The passionate lives and loves of the Pre-Raphaelites are the subject of Elisabeth Hickey’s novel, The Wayward Muse. Jane Burden was living in squalor and poverty when Dante Gabriel Rossetti came up to her in a theatre and said, ‘I apologise for my boldness but I must tell you that you’re the most beautiful girl in Oxford ... I have to put you in my painting.’ So began a passionate relationship that survived despite Jane’s marriage to Rossetti’s friend William Morris, the tragic suicide of Rossetti’s wife Lizzie Siddal, and Rossetti’s ultimate madness. Elizabeth Hickey has also written The Painted Kiss, about the possible love affair between Gustav Klimt and one of his models, Emilie Floge, in fin-de-siecle Vienna, ‘the most beautiful, cosmopolitan city in the world’.
Finally, The Lacuna by Barbara Kingsolver, which recently won the £30,000 Orange Prize for Fiction in the UK. It tells the story of a sensitive young American who works in the tumultuous household of Diego Rivera and Frida Kahlo, while they shelter Leon Trotsky.
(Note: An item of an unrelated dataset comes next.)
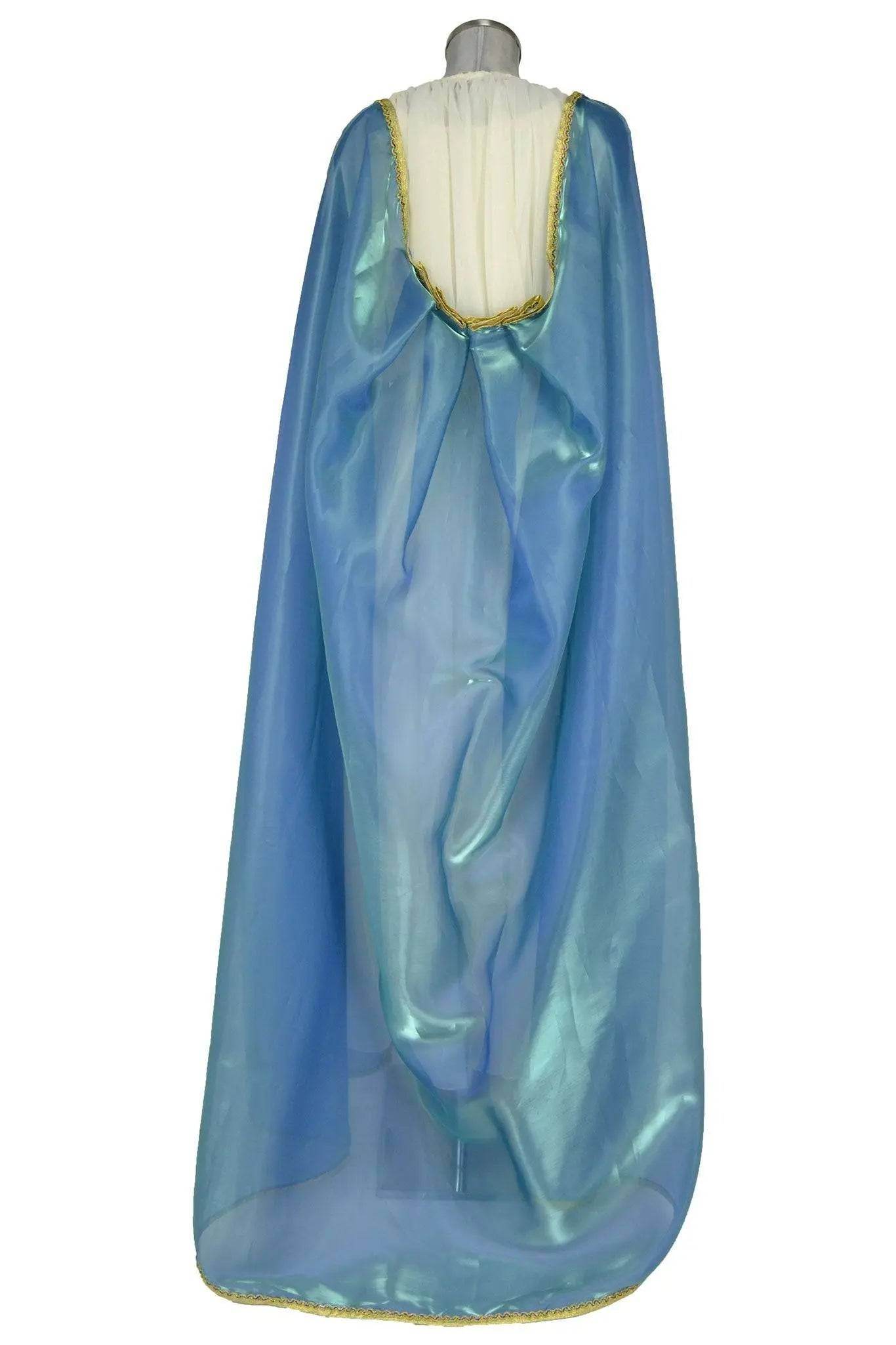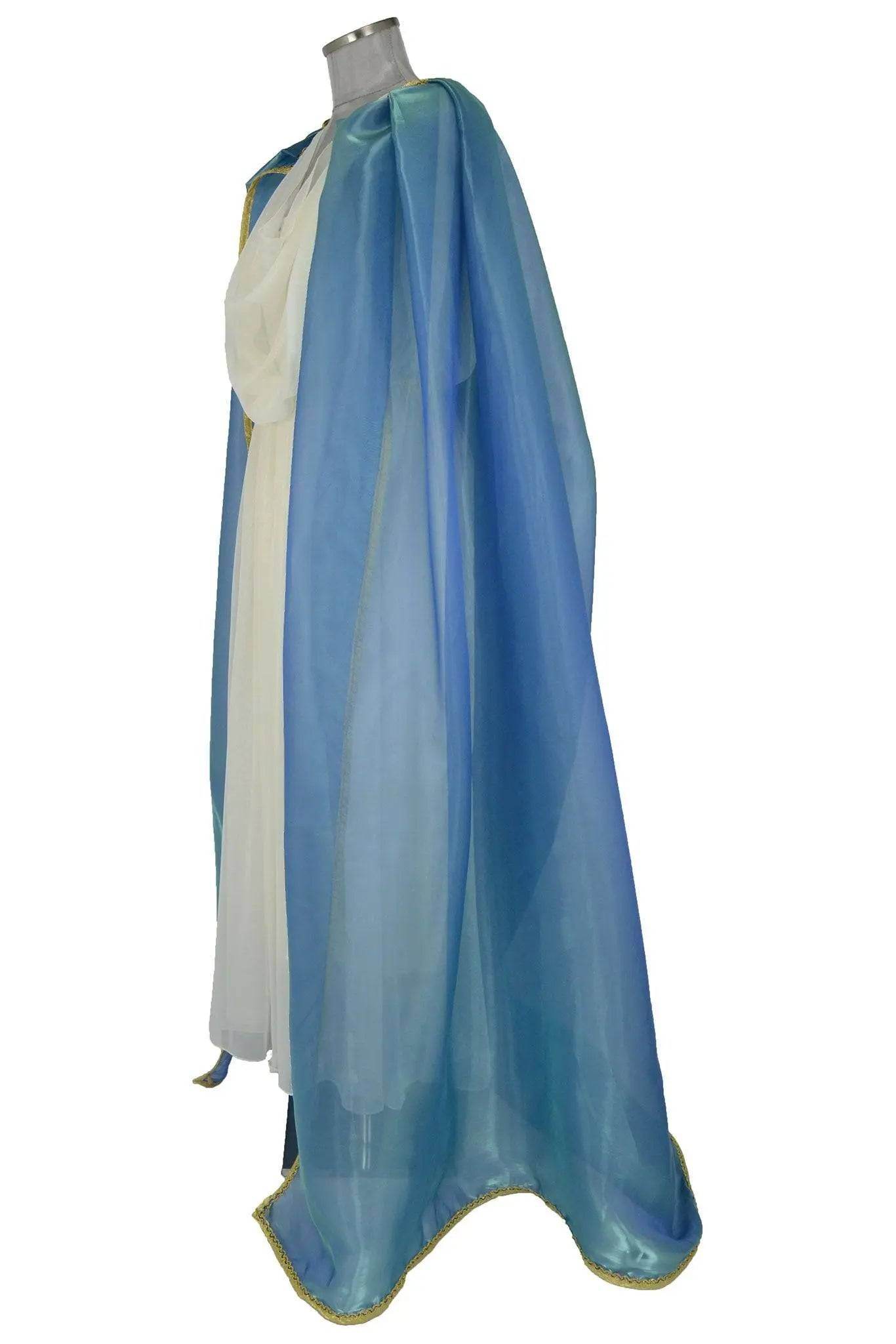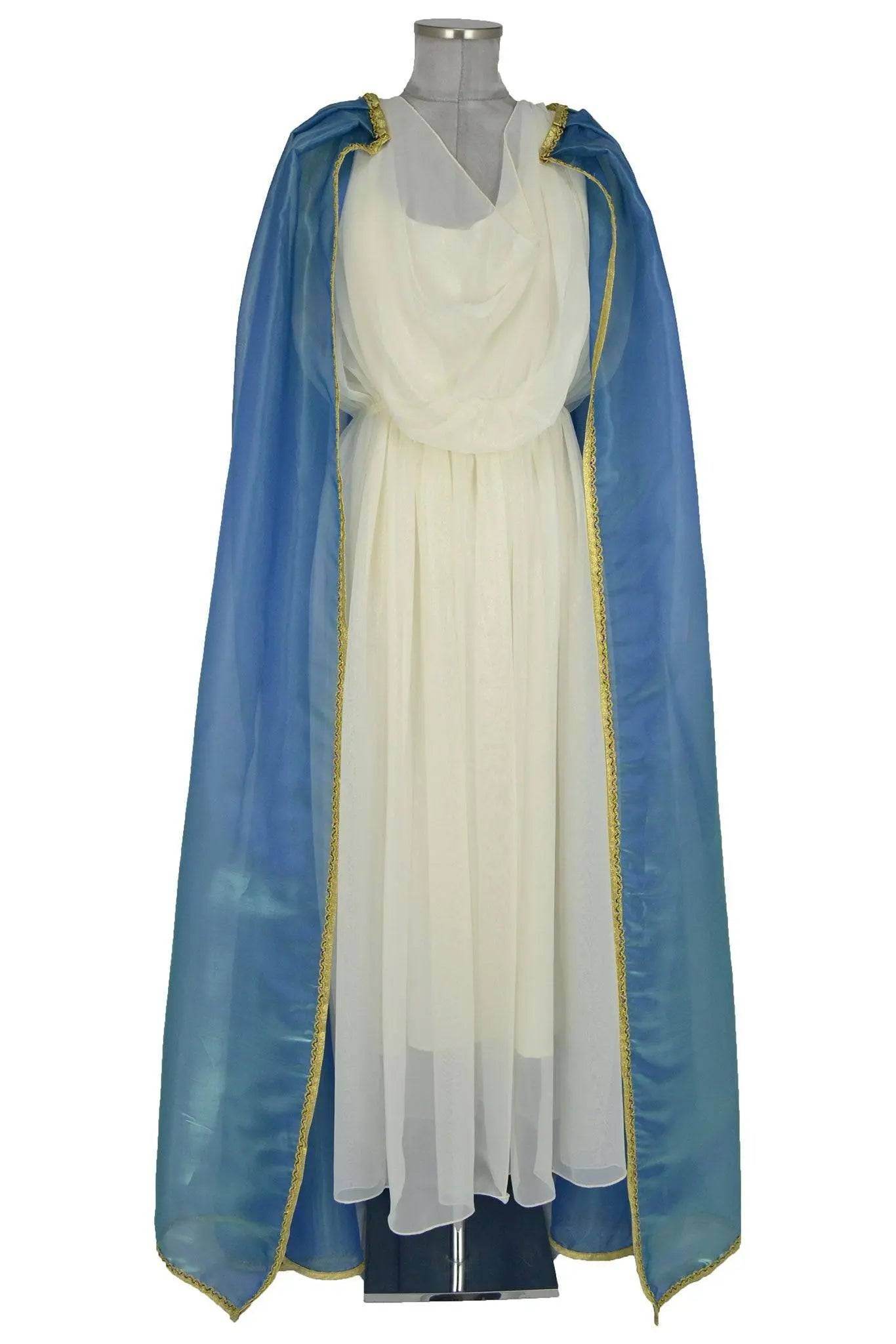 Noleggio Abito di scena donna come antica Principessa o Divinità per rievocazioni storiche. Bianco a doppio strato, quello superiore è in leggero velo drappeggiato sulla sottotunica più corta; si completa con un mantello pure di velo, blu a bordure oro. A seconda degli accessori potrà caratterizzarsi come una divinità o principessa antica, oppure uno spirito o un essere fatato.

Frida in particular is brought to vivid and memorable life and, like all good novels that feature the lives of artists, took me back to her pore over her paintings, finding them illuminated by my new understanding of her as a woman and as an artist. As Rivera said of his wife, ‘Never before had a woman put such agonizing poetry on canvas as Frida did.’
Kate Forsyth is the internationally bestselling author of numerous books for both adults and children. She is currently researching a book in which Tiziano Vecelli (better known as Titian) and his mysterious red-haired muse will appear.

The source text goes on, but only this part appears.